Ему не терпится от меня избавиться. Я выхожу из машины, он резко берет с места, мой крик — «Деньги! Стой! Эй!» — разносится по площадке перед кладбищенскими воротами…
…Фонарь освещает центральную аллею, заставляя боковые быть еще темнее. Я сворачиваю во вторую, и свет ночи проникает в ноздри, липнет к рукам, словно плывешь в ином, теплом, обволакивающем пространстве, на расстоянии вытянутой руки ничего не видно. Я чувствую, что справа плотная стена могильных оград, среди них вдруг высвечивается надгробие из кажущегося в свете ночи темно-сиреневым камня, женщина, уронившая голову на руки, непроницаемая темнота начинает излучать мягкий, еле видимый свет, и кажется, что окутанная этим светом женщина вот сейчас вздохнет, заголосит.
За моей спиной кто-то определенно есть, кто-то, появившийся почти сразу, как я свернул в боковую аллею, медленно догоняет, почти неслышно бормоча, фыркая, тяжело ступая, у догоняющего не две ноги, он — я это слышу — на четырех крепких, сильных ногах, вот он уже совсем рядом, он высок, тяжел, бегемот, монстр, ужасный, с горячим дыханием зверь, я боюсь обернуться, поначалу решив спрятаться от преследователя возле рыдающей каменной женщины, я все же ускоряю шаг, мелко семеню, дышу глубже, стараюсь не выдать страх.
Догоняющий совсем рядом, я принимаю чуть влево, ветки кустов накалывают ладонь, но я терплю, ничем не выдаю боль, останавливаюсь, оборачиваюсь: черный силуэт возвышается надо мной на фоне черных куп деревьев, сквозь которые проходят тонкие лучи лунного света, смешавшегося со светом далеких фонарей, и догоняющий приближается вплотную, его толстые губы почти касаются моего лба — это лошадь, лошадь с сидящим на ней всадником, черная лошадь и всадник на ней весь в черном, рыцарь ночи, всадник кошмара.

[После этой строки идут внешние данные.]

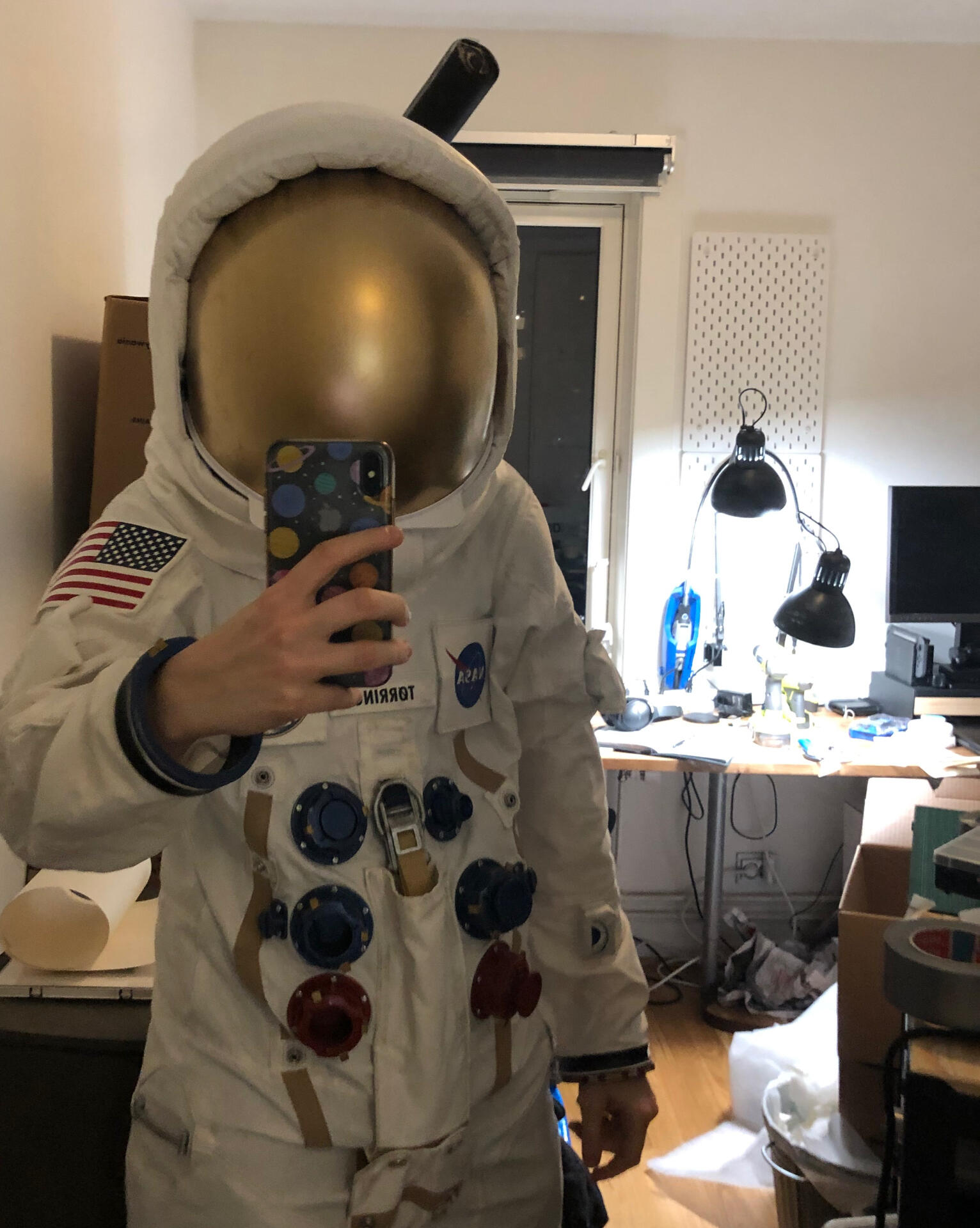 Meet the crew:Frida "Armstrong" Tørring is a designer and student at AHO and has spent the past ten years making everything from comic conventions to T-shirt companies and fantasy creature costumes.Hans Gerhard "Buzz" Meier (aka @smogdog) is an artist, designer, and teacher at AHO participating in the new wave of creative and artistic people who share ideas, processes, and tips on social media, known as the Maker movement.Eric Michael "Collins" Molumby is a master student studying interaction design at AHO. His role in the team has been to help curate the exhibition and keep the two astronauts from flying too close to the sun.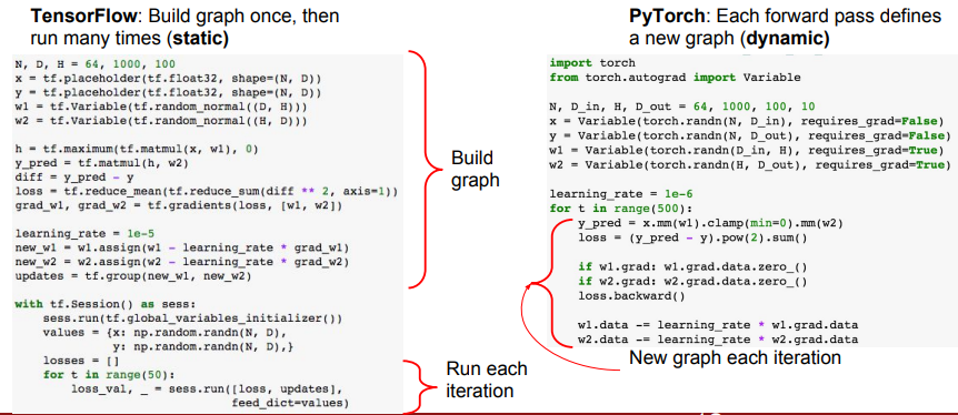 - 텐서플로우는 하나의 고정된 그래프(static graph)를 구성하여 이를 반복적으로 재사용 하는 반면, 파이토치는 매번 forward pass 마다 새로운 그래프를 구성하는 동적 그래프(dynamic graph) 방식

— Антон Романович, — всадник наклоняется ко мне. — Заблудись? Садитесь сзади, я вас вывезу.
— Лиза! Лиза — это вы?
— Садитесь за мной, — отвечает Лиза Бадовская. — Я дам вам руку, вставляйте ногу в стремя…
— Что вы здесь делаете? Как вы здесь оказались?
— Вас ищу. Мама сказала — вы тут.
— Мама? Кто ваша мама?
— Диспетчер городского такси. Садитесь!